-------- Records to process --------

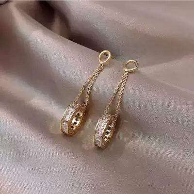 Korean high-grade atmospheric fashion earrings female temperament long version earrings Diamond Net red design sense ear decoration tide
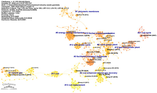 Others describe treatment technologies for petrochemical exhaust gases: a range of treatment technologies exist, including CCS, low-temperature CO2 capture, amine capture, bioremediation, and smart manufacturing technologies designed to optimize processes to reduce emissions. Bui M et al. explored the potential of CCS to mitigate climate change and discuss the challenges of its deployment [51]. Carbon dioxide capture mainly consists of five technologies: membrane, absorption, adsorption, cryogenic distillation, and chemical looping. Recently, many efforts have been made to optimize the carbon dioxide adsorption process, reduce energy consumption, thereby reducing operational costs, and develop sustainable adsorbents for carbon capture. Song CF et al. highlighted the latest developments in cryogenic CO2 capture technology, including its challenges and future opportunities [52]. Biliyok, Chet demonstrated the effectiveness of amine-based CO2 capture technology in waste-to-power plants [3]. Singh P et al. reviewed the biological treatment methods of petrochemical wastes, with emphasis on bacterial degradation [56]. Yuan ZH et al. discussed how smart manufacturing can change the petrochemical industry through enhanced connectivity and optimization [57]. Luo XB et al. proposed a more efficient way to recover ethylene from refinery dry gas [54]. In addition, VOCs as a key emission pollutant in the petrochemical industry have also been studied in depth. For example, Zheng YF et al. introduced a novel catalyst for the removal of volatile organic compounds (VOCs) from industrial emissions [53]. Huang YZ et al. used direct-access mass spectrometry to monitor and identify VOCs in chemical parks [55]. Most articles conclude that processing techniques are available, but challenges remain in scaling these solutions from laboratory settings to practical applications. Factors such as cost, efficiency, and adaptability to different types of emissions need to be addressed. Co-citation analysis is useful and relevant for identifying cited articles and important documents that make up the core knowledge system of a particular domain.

--------
-------- Records to process --------

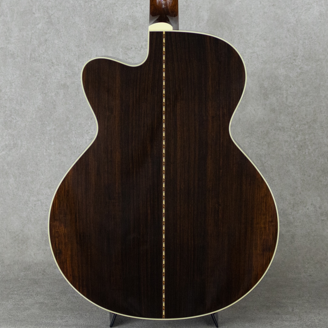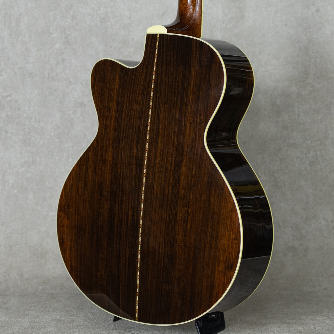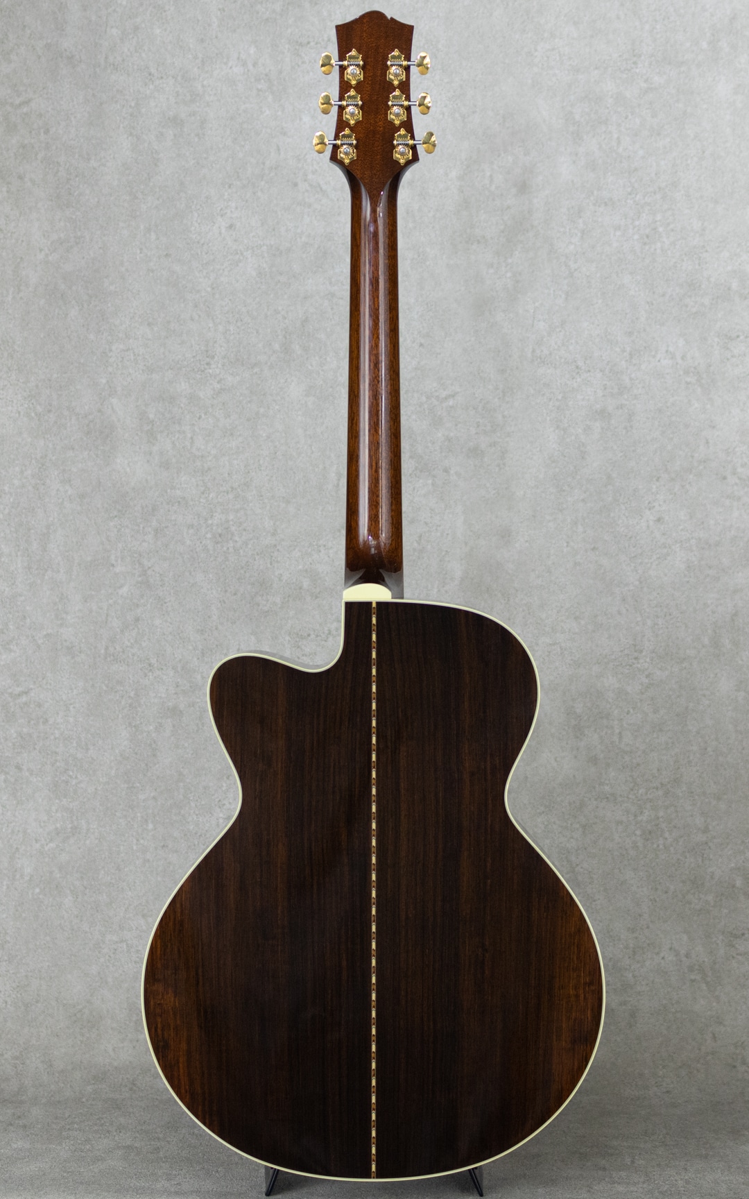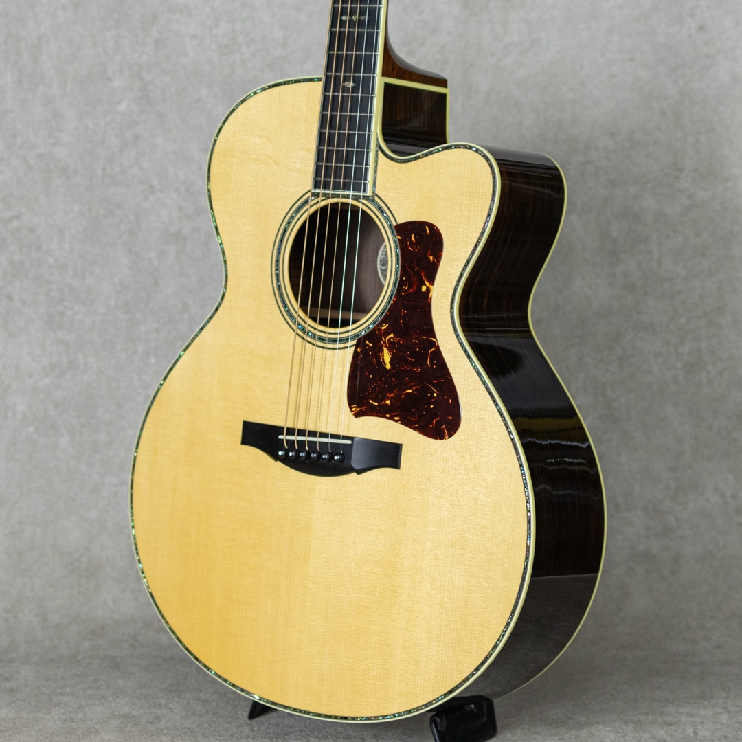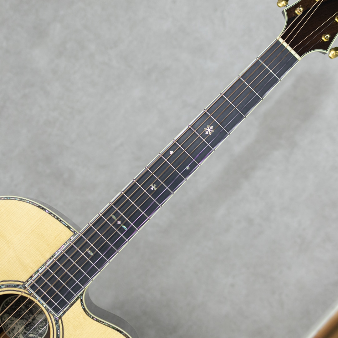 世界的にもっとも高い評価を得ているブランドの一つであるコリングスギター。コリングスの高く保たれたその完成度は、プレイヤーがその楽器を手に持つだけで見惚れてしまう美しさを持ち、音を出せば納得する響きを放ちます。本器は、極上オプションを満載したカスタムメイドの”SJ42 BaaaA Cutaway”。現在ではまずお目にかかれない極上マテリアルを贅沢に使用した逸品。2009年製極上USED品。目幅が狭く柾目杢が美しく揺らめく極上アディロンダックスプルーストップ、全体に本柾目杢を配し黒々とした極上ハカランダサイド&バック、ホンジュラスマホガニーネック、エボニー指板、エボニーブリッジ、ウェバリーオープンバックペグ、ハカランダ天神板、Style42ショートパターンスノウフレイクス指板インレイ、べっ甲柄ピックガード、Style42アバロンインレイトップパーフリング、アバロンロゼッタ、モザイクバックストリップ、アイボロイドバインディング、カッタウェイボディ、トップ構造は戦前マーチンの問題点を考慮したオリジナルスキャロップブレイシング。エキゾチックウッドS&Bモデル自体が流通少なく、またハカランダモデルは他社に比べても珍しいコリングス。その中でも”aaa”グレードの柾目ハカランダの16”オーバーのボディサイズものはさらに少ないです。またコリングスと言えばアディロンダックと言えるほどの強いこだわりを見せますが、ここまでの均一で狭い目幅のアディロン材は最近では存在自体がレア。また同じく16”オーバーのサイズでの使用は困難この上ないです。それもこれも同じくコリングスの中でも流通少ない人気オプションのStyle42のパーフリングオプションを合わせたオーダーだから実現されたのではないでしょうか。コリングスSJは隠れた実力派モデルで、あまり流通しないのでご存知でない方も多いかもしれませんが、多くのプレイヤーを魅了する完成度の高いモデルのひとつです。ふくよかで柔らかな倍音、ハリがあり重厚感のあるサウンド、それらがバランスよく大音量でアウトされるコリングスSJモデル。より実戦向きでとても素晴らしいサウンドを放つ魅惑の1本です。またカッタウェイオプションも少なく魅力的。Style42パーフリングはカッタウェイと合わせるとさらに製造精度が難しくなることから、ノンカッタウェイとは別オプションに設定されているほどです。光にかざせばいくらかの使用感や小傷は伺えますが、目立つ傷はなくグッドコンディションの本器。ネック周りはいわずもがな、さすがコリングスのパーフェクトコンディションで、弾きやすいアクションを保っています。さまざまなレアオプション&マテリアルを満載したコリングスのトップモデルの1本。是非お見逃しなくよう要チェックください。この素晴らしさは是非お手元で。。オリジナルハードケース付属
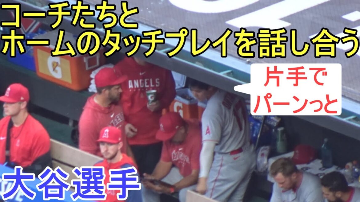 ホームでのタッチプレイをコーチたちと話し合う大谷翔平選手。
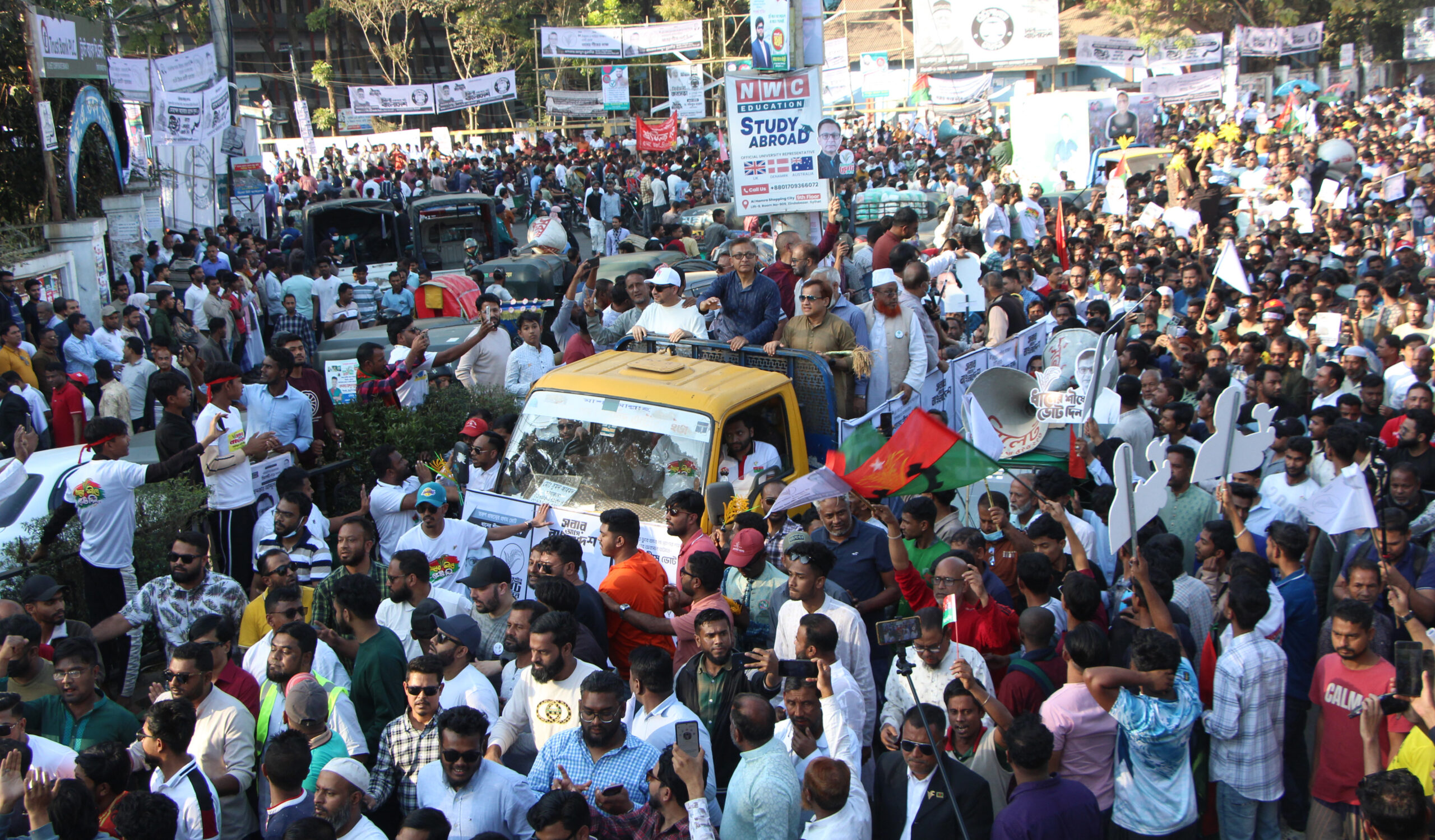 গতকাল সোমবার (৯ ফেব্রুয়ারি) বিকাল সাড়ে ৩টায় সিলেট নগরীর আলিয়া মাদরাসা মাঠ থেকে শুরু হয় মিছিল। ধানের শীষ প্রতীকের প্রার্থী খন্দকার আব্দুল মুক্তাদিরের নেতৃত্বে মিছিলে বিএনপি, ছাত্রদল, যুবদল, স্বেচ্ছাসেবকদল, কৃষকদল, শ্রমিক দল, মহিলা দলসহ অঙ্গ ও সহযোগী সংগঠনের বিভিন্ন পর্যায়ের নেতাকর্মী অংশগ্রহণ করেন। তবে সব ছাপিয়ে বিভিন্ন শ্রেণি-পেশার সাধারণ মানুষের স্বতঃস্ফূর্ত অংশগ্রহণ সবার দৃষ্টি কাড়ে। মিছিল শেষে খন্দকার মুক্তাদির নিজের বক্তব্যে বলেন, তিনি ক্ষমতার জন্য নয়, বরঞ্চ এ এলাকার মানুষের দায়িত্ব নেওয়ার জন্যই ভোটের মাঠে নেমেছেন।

--------

* Your assignment: Your answer must be the exact lines from the records above, from the one containing "ホームでのタッチプレイをコーチたちと話し合う大谷翔平選手。" through the one containing "গতকাল সোমবার (৯", both included, with every picture left out.

* Task response:
 ホームでのタッチプレイをコーチたちと話し合う大谷翔平選手。
 গতকাল সোমবার (৯ ফেব্রুয়ারি) বিকাল সাড়ে ৩টায় সিলেট নগরীর আলিয়া মাদরাসা মাঠ থেকে শুরু হয় মিছিল। ধানের শীষ প্রতীকের প্রার্থী খন্দকার আব্দুল মুক্তাদিরের নেতৃত্বে মিছিলে বিএনপি, ছাত্রদল, যুবদল, স্বেচ্ছাসেবকদল, কৃষকদল, শ্রমিক দল, মহিলা দলসহ অঙ্গ ও সহযোগী সংগঠনের বিভিন্ন পর্যায়ের নেতাকর্মী অংশগ্রহণ করেন। তবে সব ছাপিয়ে বিভিন্ন শ্রেণি-পেশার সাধারণ মানুষের স্বতঃস্ফূর্ত অংশগ্রহণ সবার দৃষ্টি কাড়ে। মিছিল শেষে খন্দকার মুক্তাদির নিজের বক্তব্যে বলেন, তিনি ক্ষমতার জন্য নয়, বরঞ্চ এ এলাকার মানুষের দায়িত্ব নেওয়ার জন্যই ভোটের মাঠে নেমেছেন।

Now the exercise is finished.